The italics are not mine, they are the authors. What is confusing me is indeed the `at most one' part. Is it saying:
1) that we may have $p^0$ only one time in either the $m$ decomposition OR the $n$ decomposition (but certainly not in both decompositions)? For example, $m=p_1^0$ and $n=p_1^1$.
2) that there can be a $p^0$ only one time in EACH of them (but basically appearing in both of them)? For example, $m=p_1^0p_2^1$ and $n=p_1^1p_2^0.$
3) that there can be a $p^0$ only one time per prime? I'm guessing that this is not the case that the authoer intended. That much seems obvious because if we had a distinct $p^0$ for both $m$ and $n$, then why bother mentioning the $p$ at all? For example, $m=2^0 \cdot p^1$ and $n = 2^0 \cdot p^2.$
If anyone wants any further context, just let me know.
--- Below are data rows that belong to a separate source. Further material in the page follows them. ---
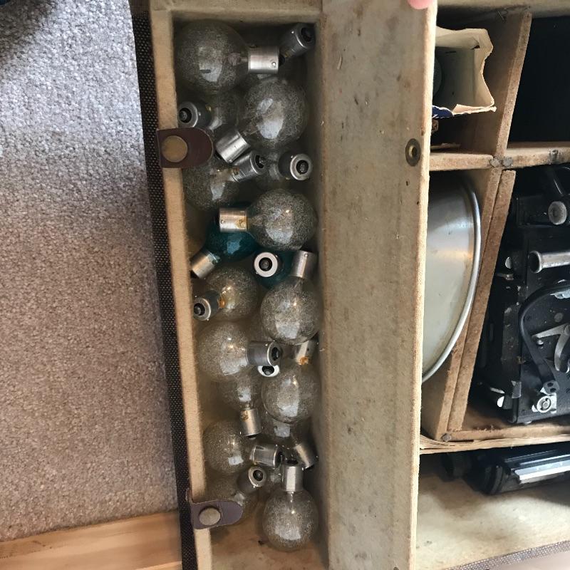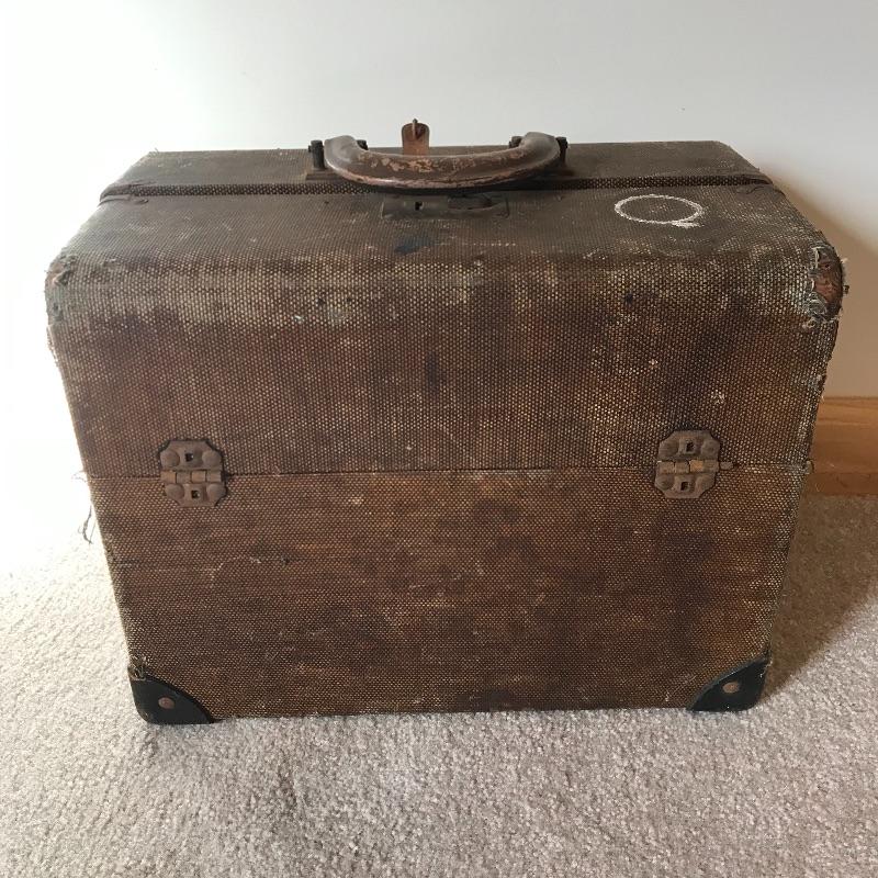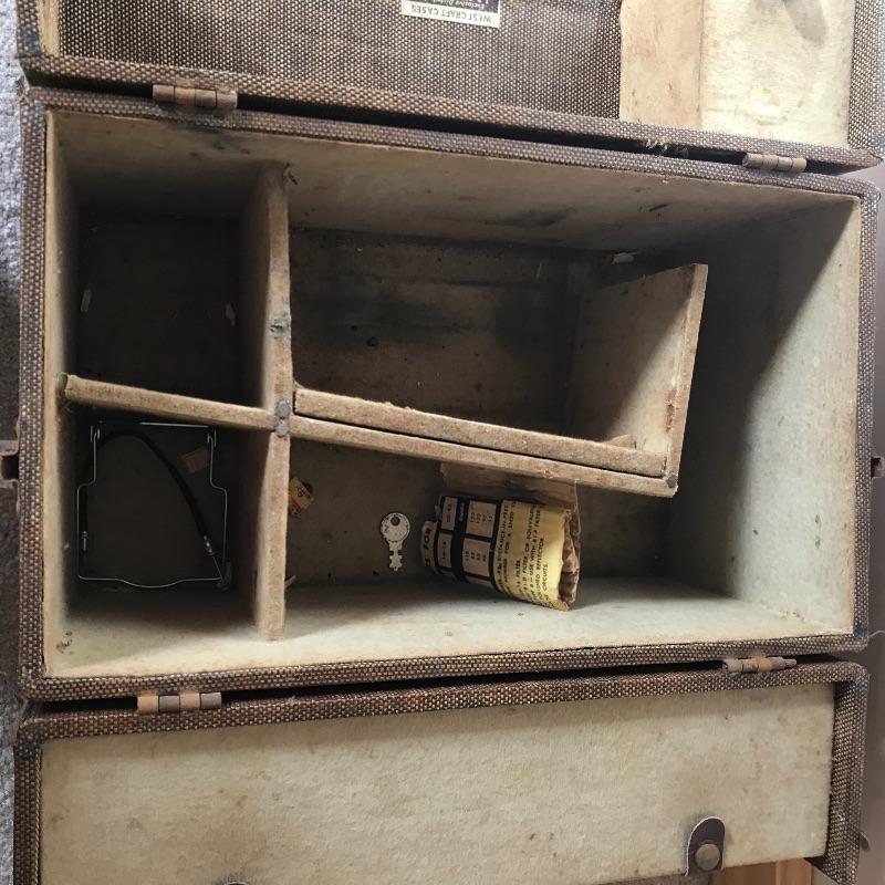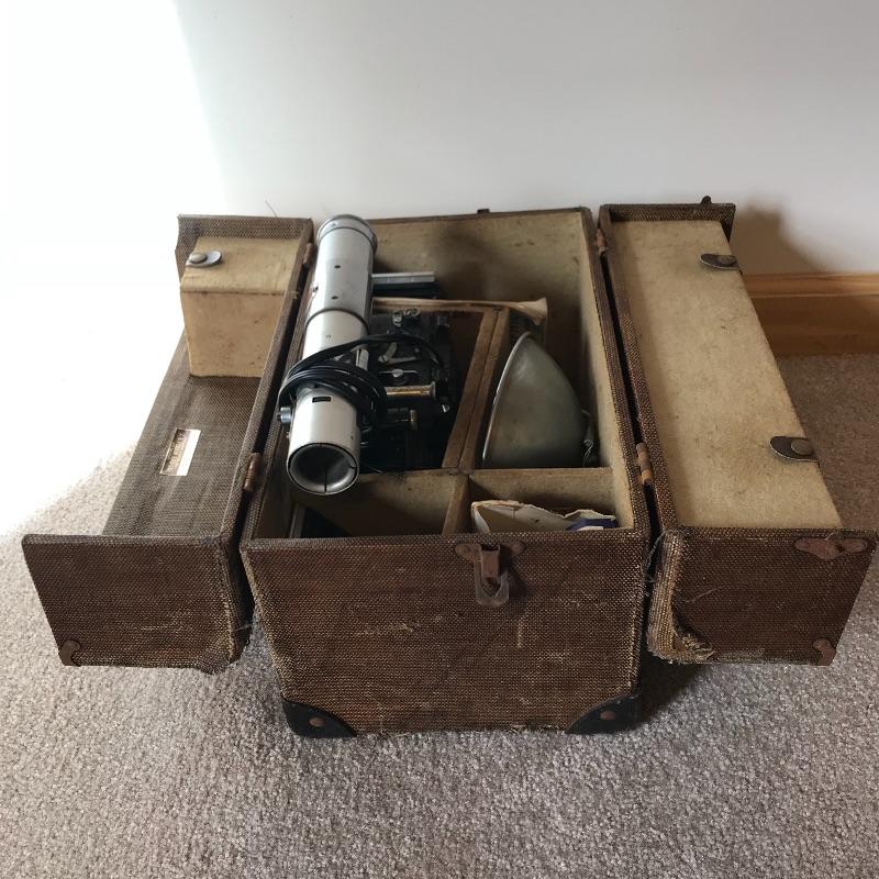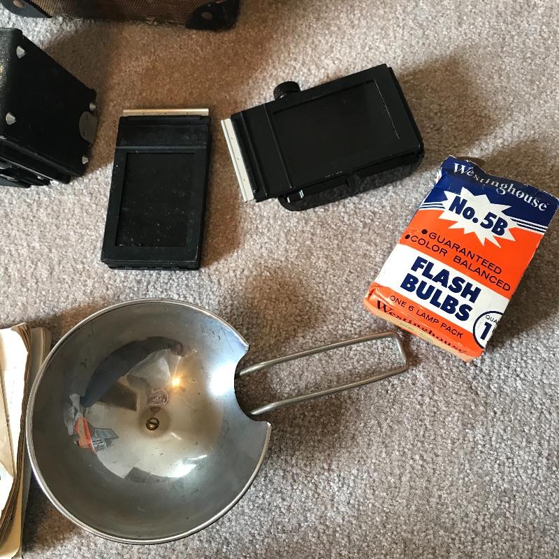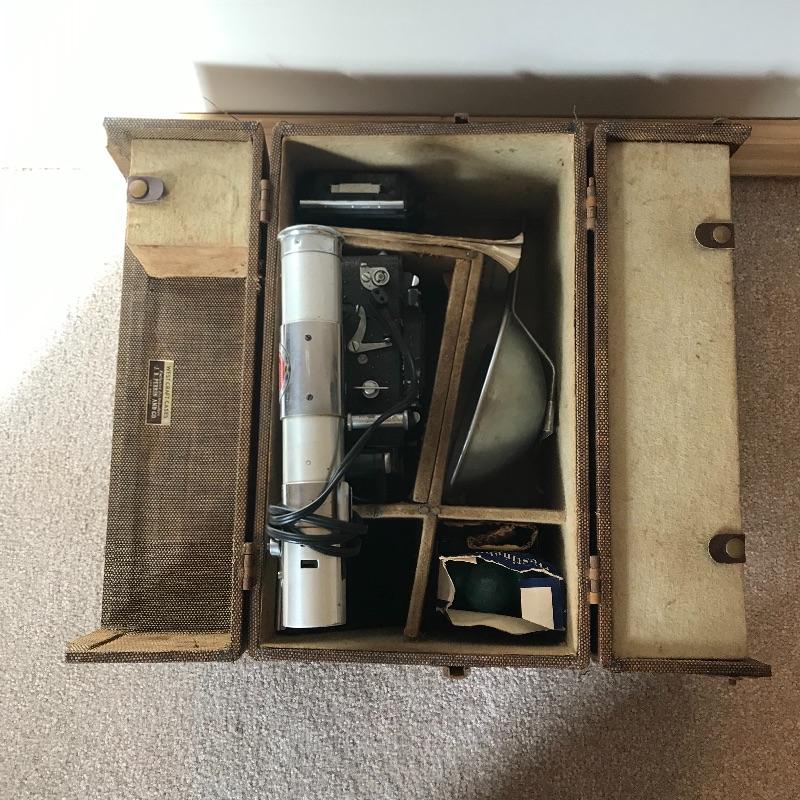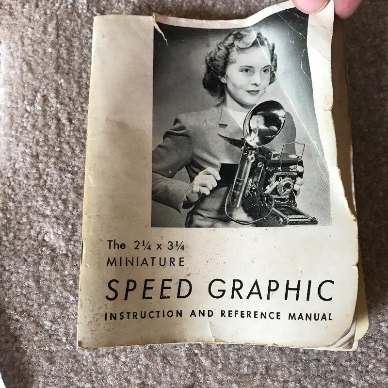 Vintage Speed Graphic camera housing in its old fashioned case will make for fine vintage decor! The camera itself is missing and the electric cord seems to be dry rotting. This would be an ideal find for the vintage camera aficionado or hobbyist to restore, as it comes with its manual, a 5” reflector and a bunch of bulbs! The case is a combination of canvas, leather and metal. It’s sturdy and we found a key inside that may work, but the lock appears rusted and we didn’t test it. Case measures approximately 14” x 8” x 12”. Shipping available.
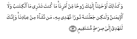 52. Wakathalika awhayna ilayka roohan min amrina ma kunta tadree ma alkitabu wala al-eemanu walakin jaAAalnahu nooran nahdee bihi man nashao min AAibadina wa-innaka latahdee ila siratin mustaqeemin
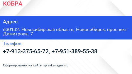 КОБРА по адресу 630132, Новосибирская область, Новосибирск, проспект Димитрова, 7 в дальнейшем Организация, размещена в следующих категориях:
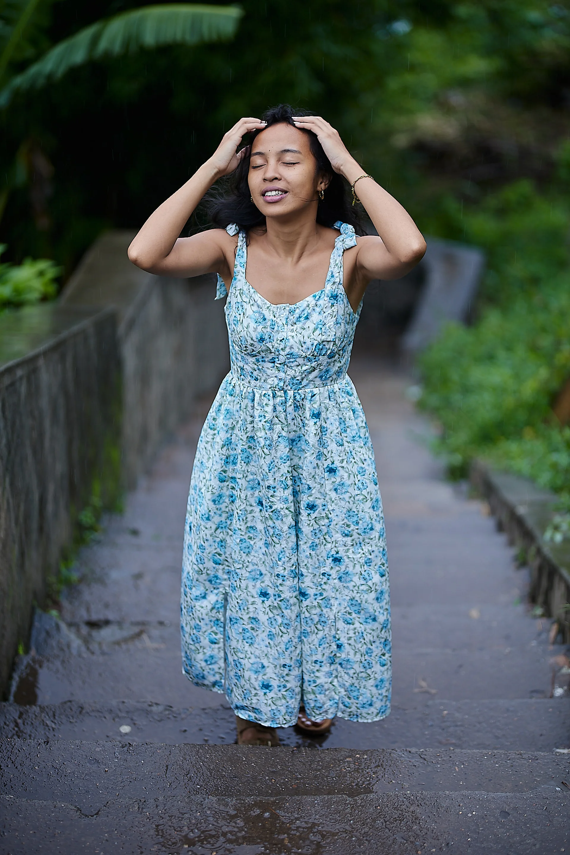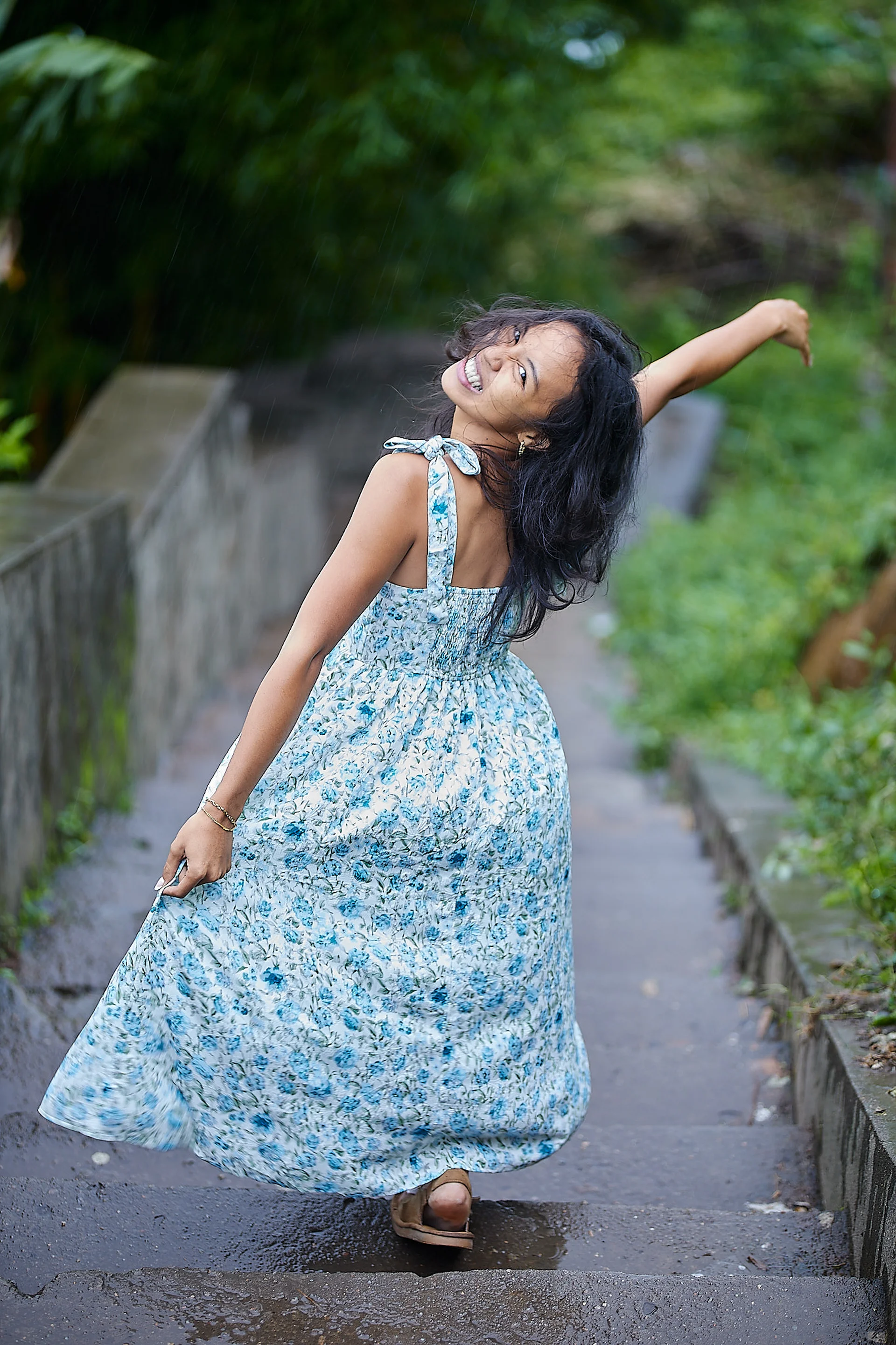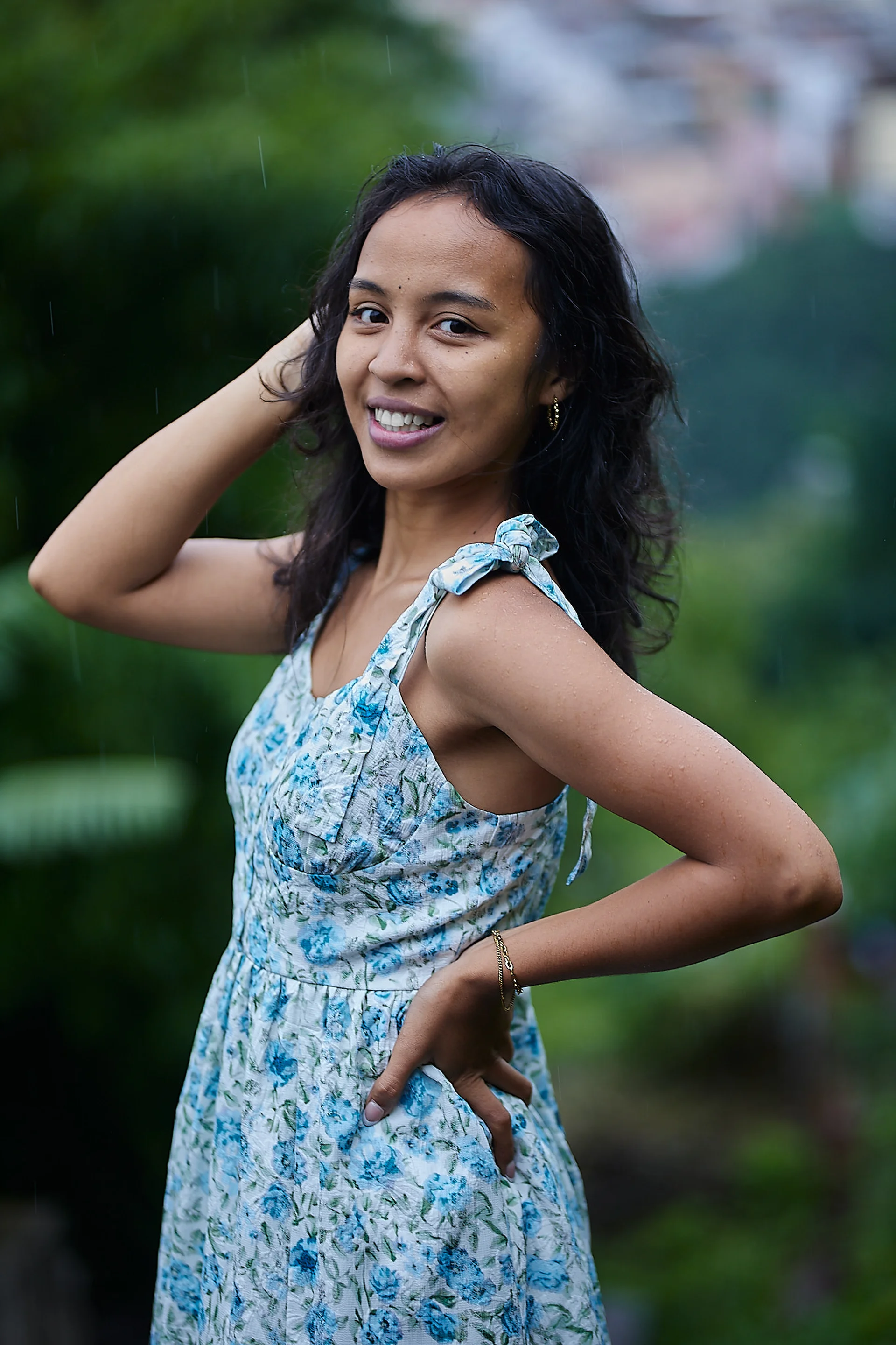 C'est alors que Tania, véritablement inspirée, m'a proposé de continuer sous la pluie. Ce moment d'audace a donné naissance à certains des clichés les plus puissants de la séance – des portraits qui respirent la liberté, l'authenticité, et une célébration viscérale du moment présent. La pluie, loin d'être un obstacle, s'est transformée en élément narratif, ajoutant de la profondeur émotionnelle et du contraste cinématique à nos images.

I'm working with the Fundamental Theorem of Finite Abelian Groups and factoring $\Bbb{Z}_{mn}$ in various direct products $\Bbb{Z}_{k_1} \times \cdots \times \Bbb{Z}_{k_t}.$
If $p_1, \cdot, p_k$ is the list of all distinct prime divisors of $mn$, then $mn$ may be written as $mn = p_1^{t_1} \cdot p_2^{t_2} \cdot \ldots \cdot p_k^{t_k}$, where $t_1, t_2, \ldots, t_k \in \Bbb N$ are uniquely determined. And since $p_i \mid mn = p_1^{t_1} \cdot p_2^{t_2} \cdot \ldots \cdot p_k^{t_k}$ iff $t_i > 0$, all the $t_i$ are actually non-zero. Now, $m$ and $n$ may also be written as $m = p_1^{r_1} \cdot \ldots \cdot p_k^{r_k}$, $n = p_1^{s_1} \cdot \ldots \cdot p_k^{s_k}$, where $r_1, \ldots, r_k, s_1, \ldots, s_k \in \Bbb N$ are uniquely determined and furthermore $mn = (p_1^{r_1} \cdot \ldots \cdot p_k^{r_k})\cdot ( p_1^{s_1} \cdot \ldots \cdot p_k^{s_k}) = (p_1^{r_1}\cdot p_1^{s_1}) \cdot \ldots \cdot (p_k^{r_k}\cdot p_1^{s_k}) = p_1^{r_1 + s_1} \cdot \ldots \cdot p_k^{r_k + s_k}$. So, by the uniqueness of the $t_i$, we get $r_i + s_i = t_i \neq 0$ for all $i \in \{1, \ldots, k\}$ and therefore each pair $(r_i,s_i)$ has to contain at least one non-zero element.
edit: I assume $m,n \in \mathbb N$, if $m,n \in \mathbb Z$, you just have to add $(-1)^{r_0}$, $(-1)^{s_0}$ and $(-1)^{t_0}$ as a factor, respectively.